While only a few lines are required to plot multiple/overlapping histograms in ggplot2, the results are't always satisfactory. There needs to be proper use of borders and coloring to ensure the eye can differentiate between histograms.
The following functions balance border colors, opacities, and superimposed density plots to enable the viewer to differentiate among distributions.
Single histogram:
plot_histogram <- function(df, feature) {
plt <- ggplot(df, aes(x=eval(parse(text=feature)))) +
geom_histogram(aes(y = ..density..), alpha=0.7, fill="#33AADE", color="black") +
geom_density(alpha=0.3, fill="red") +
geom_vline(aes(xintercept=mean(eval(parse(text=feature)))), color="black", linetype="dashed", size=1) +
labs(x=feature, y = "Density")
print(plt)
}
Multiple histogram:
plot_multi_histogram <- function(df, feature, label_column) {
plt <- ggplot(df, aes(x=eval(parse(text=feature)), fill=eval(parse(text=label_column)))) +
geom_histogram(alpha=0.7, position="identity", aes(y = ..density..), color="black") +
geom_density(alpha=0.7) +
geom_vline(aes(xintercept=mean(eval(parse(text=feature)))), color="black", linetype="dashed", size=1) +
labs(x=feature, y = "Density")
plt + guides(fill=guide_legend(title=label_column))
}
Usage:
Simply pass your data frame into the above functions along with desired arguments:
plot_histogram(iris, 'Sepal.Width')
plot_multi_histogram(iris, 'Sepal.Width', 'Species')

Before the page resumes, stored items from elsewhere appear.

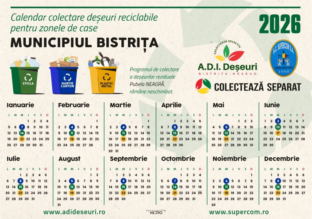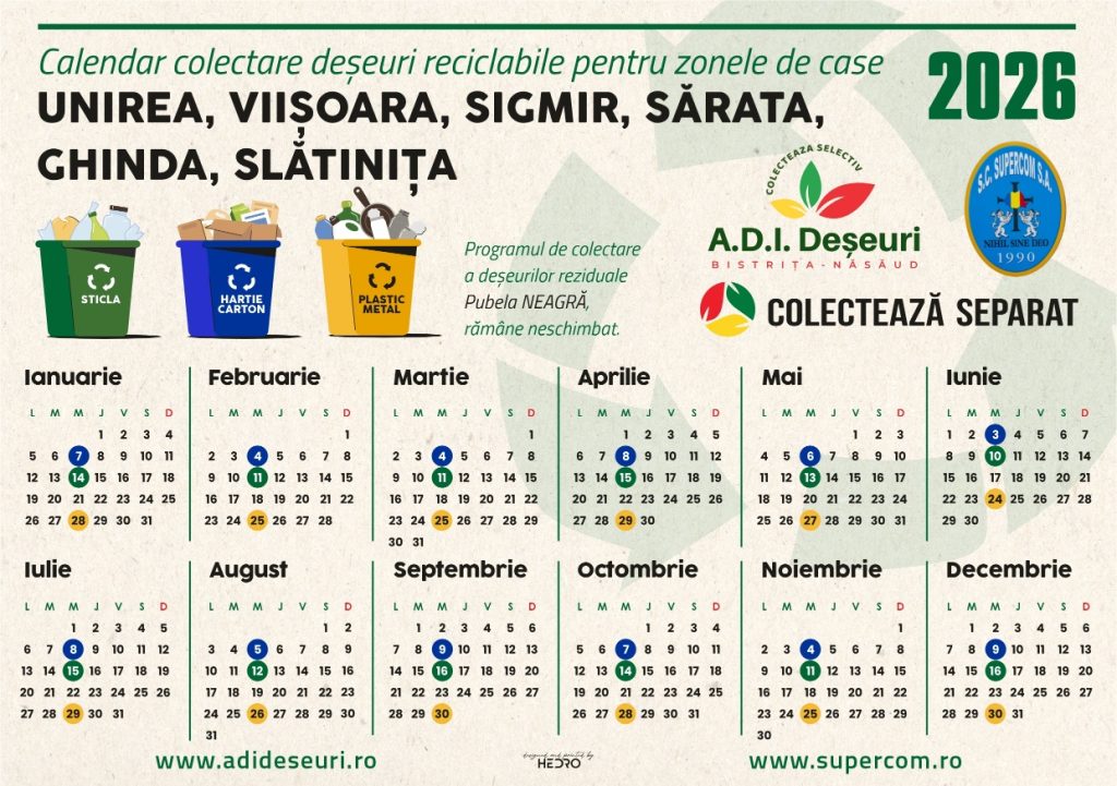 ADI Deșeuri Bistrița-Năsăud a anunțat programul de colectare a deșeurilor reciclabile pentru luna mai 2026 în municipiul Bistrița și în localitățile componente (Unirea, Viișoara, Sărata, Sigmir, Ghinda, Slătinița).
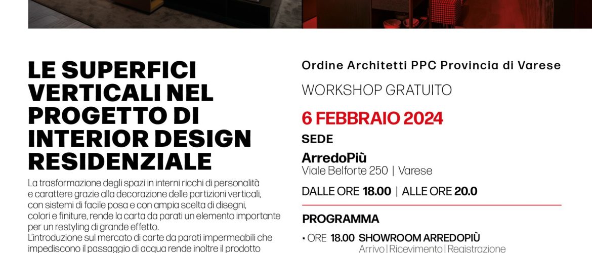 Abbiamo il piacere di segnalare che con il mese di Febbraio 2024 daremo il via a una serie di incontri gratuiti con rilascio di crediti formativi per architetti, organizzati con la collaborazione dell’Ordine degli Architetti di Varese: si tratta di workshop gratuiti a cui parteciperanno aziende e professionisti del mondo dell’arredamento che costituiranno occasione di scambio e confronto su varie tematiche che riguardano il settore dell’interior design.
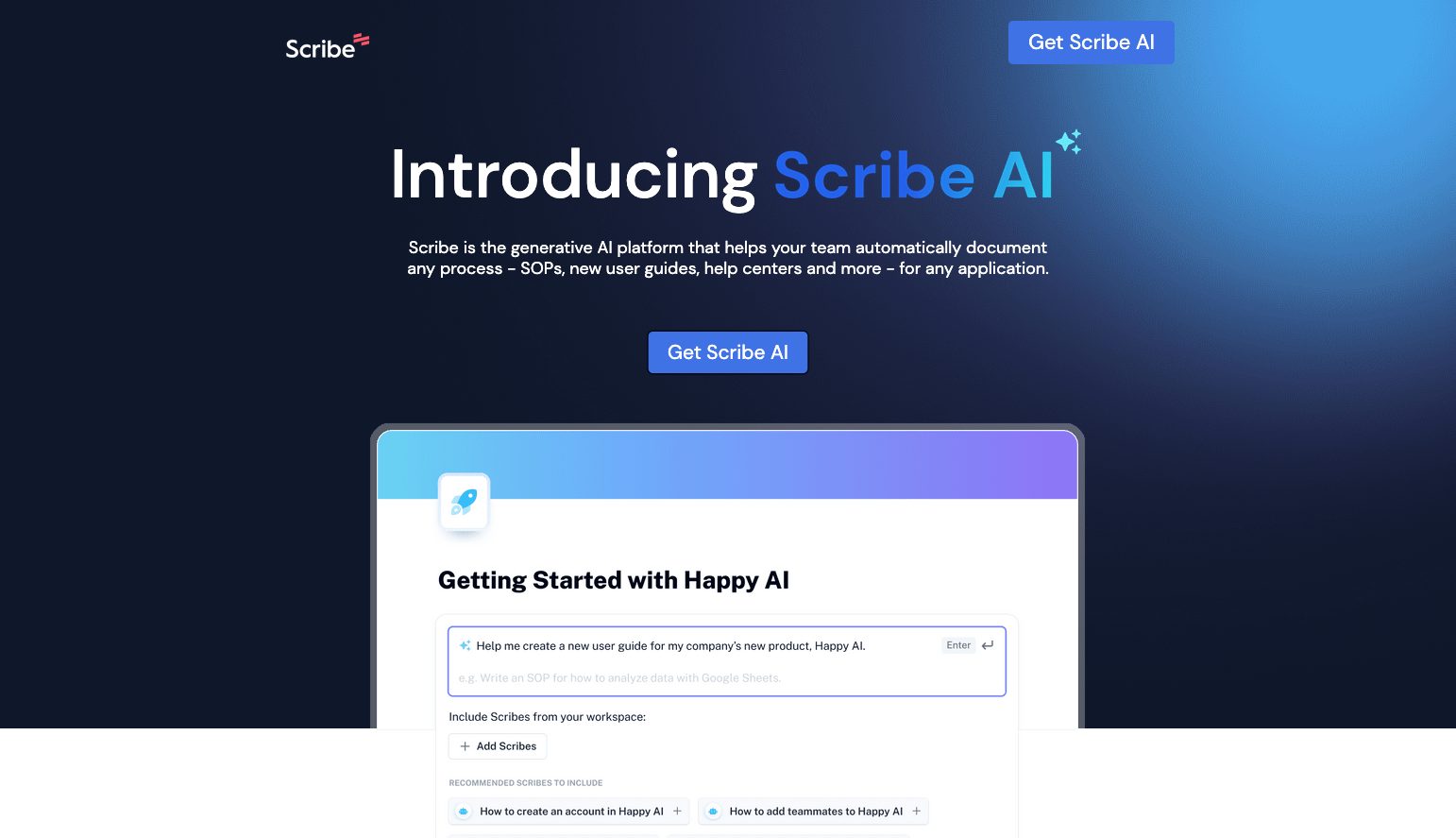Scribe is the generative AI platform that helps your team automatically document any process – SOPs, new user guides, help centers and more – for any application.(Scribeは、SOP、新規ユーザーガイド、ヘルプセンターなど、あらゆるアプリケーションのプロセスを自動的に文書化するための生成的AIプラットフォームです。)

The extra parameter in plot_multi_histogram is the name of the column containing the category labels.
We can see this more dramatically by creating a dataframe with many different distribution means:
a <-data.frame(n=rnorm(1000, mean = 1), category=rep('A', 1000))

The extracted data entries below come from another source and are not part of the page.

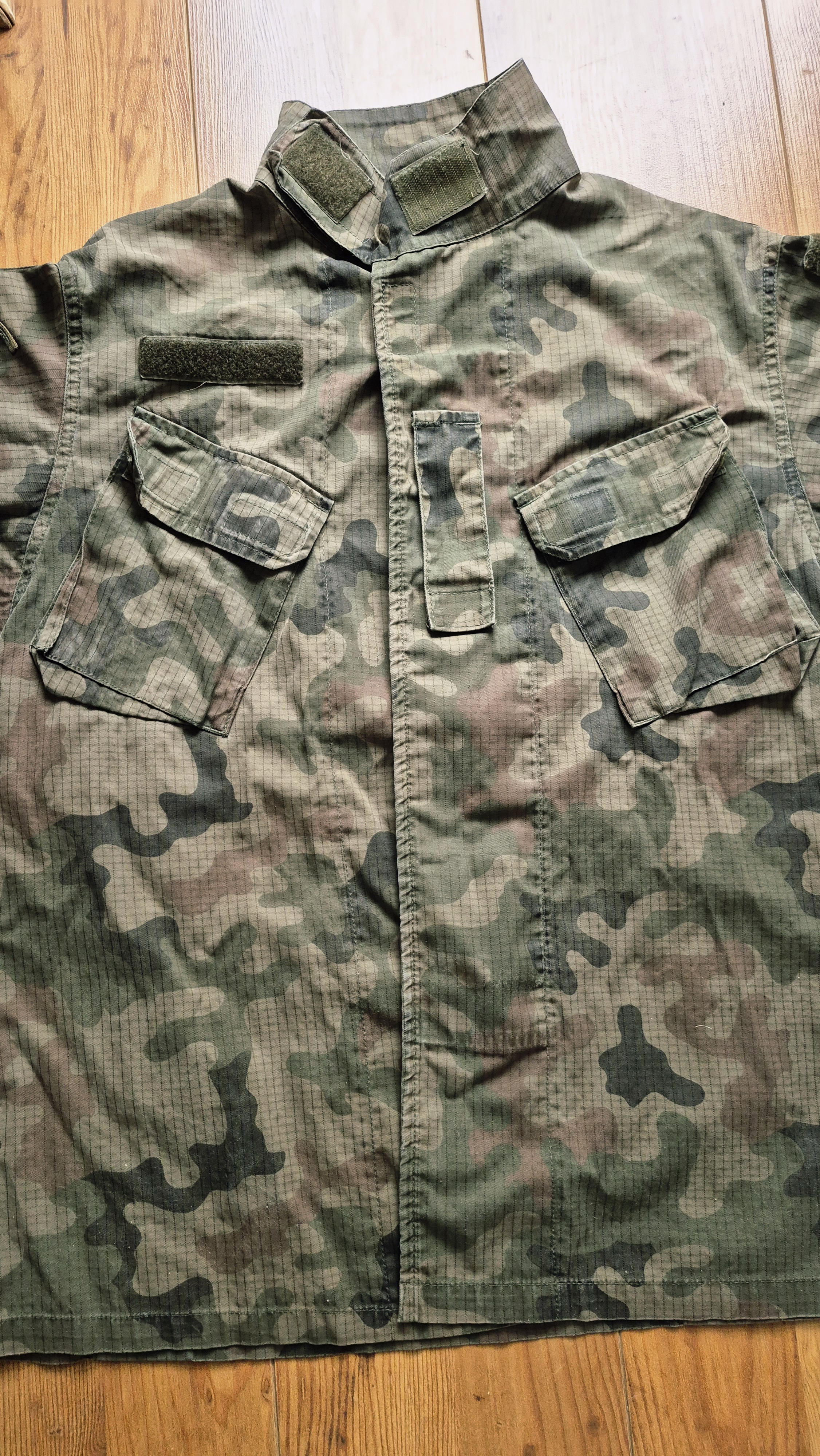 Bluza mundurowa wz 2010 letnia Kamuflaż pantera wz 93 Rozmiar o ile pamiętam to L/XL Ja mam w klacie 106, wzrost 182 i waga 82 kg i pasuje świetnie Produkcja PPHU IMA Używana
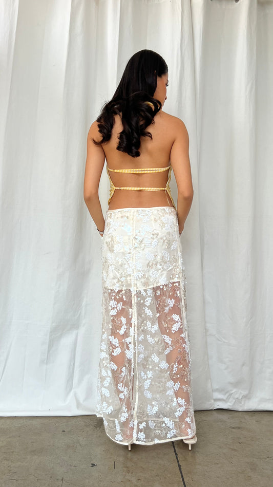 Set top halter con falda yellow
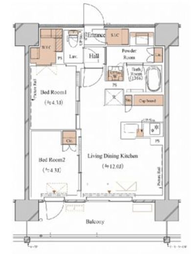 | 間取り | 2LDK+WIC+SIC | 専有面積 | 48.75m2 |
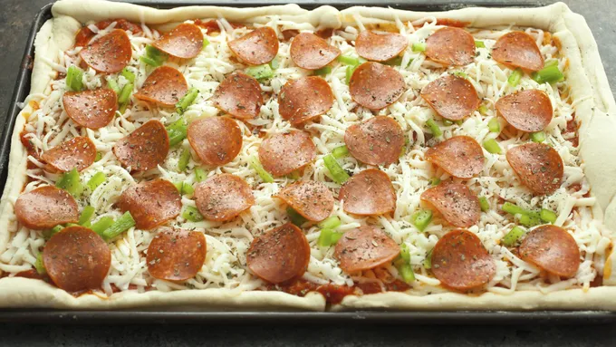 Step4Remove pan from oven and use a fork to push down any bubbles that have formed in the crust. Spread marinara sauce evenly over crust, working it all the way to the edges. Then spread on cheese, pepperoni, green peppers, and dried basil.
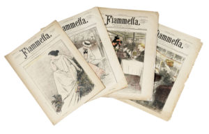 - Fiammetta. Ebdomadario illustrato. N. 2, 8, 9 anno II, 1897. 3 numeri in 3 fascicoli in-folio (mm 420x310).
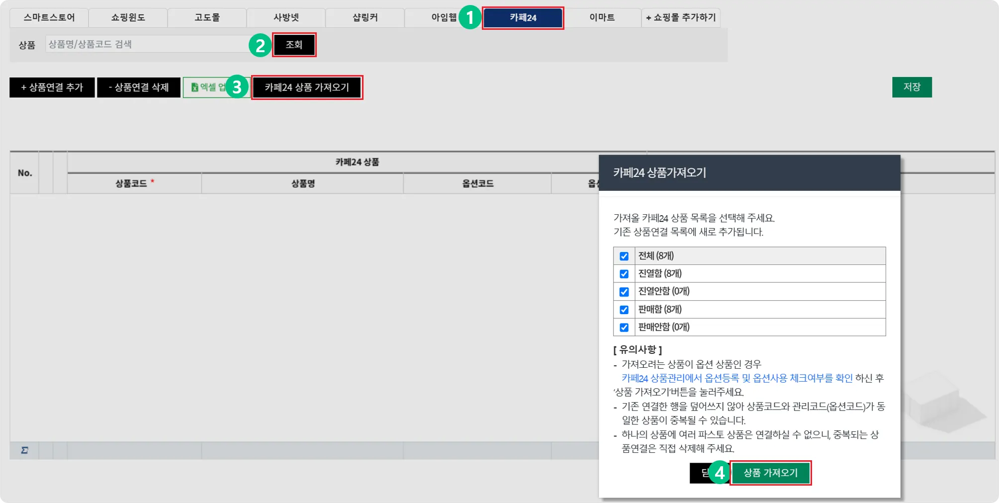 카페24 상품 가져오기를 클릭하면 [상품 가져오기] 팝업창이 나타납니다.

b <-data.frame(n=rnorm(1000, mean = 2), category=rep('B', 1000))
c <-data.frame(n=rnorm(1000, mean = 3), category=rep('C', 1000))

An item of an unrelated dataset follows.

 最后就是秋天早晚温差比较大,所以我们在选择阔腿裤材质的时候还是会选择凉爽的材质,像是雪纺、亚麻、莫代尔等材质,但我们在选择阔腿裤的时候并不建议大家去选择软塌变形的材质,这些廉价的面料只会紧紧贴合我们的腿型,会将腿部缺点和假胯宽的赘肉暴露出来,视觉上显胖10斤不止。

d <-data.frame(n=rnorm(1000, mean = 4), category=rep('D', 1000))
e <-data.frame(n=rnorm(1000, mean = 5), category=rep('E', 1000))
f <-data.frame(n=rnorm(1000, mean = 6), category=rep('F', 1000))
many_distros <- do.call('rbind', list(a,b,c,d,e,f))
Passing data frame in as before (and widening chart using options):
options(repr.plot.width = 20, repr.plot.height = 8)
plot_multi_histogram(many_distros, 'n', 'category')
To add a separate vertical line for each distribution:
plot_multi_histogram <- function(df, feature, label_column, means) {
plt <- ggplot(df, aes(x=eval(parse(text=feature)), fill=eval(parse(text=label_column)))) +
geom_histogram(alpha=0.7, position="identity", aes(y = ..density..), color="black") +
geom_density(alpha=0.7) +
geom_vline(xintercept=means, color="black", linetype="dashed", size=1)
labs(x=feature, y = "Density")
plt + guides(fill=guide_legend(title=label_column))
}
The only change over the previous plot_multi_histogram function is the addition of means to the parameters, and changing the geom_vline line to accept multiple values.
Usage:
options(repr.plot.width = 20, repr.plot.height = 8)
plot_multi_histogram(many_distros, "n", 'category', c(1, 2, 3, 4, 5, 6))
Result:
Since I set the means explicitly in many_distros I can simply pass them in. Alternatively you can simply calculate these inside the function and use that way.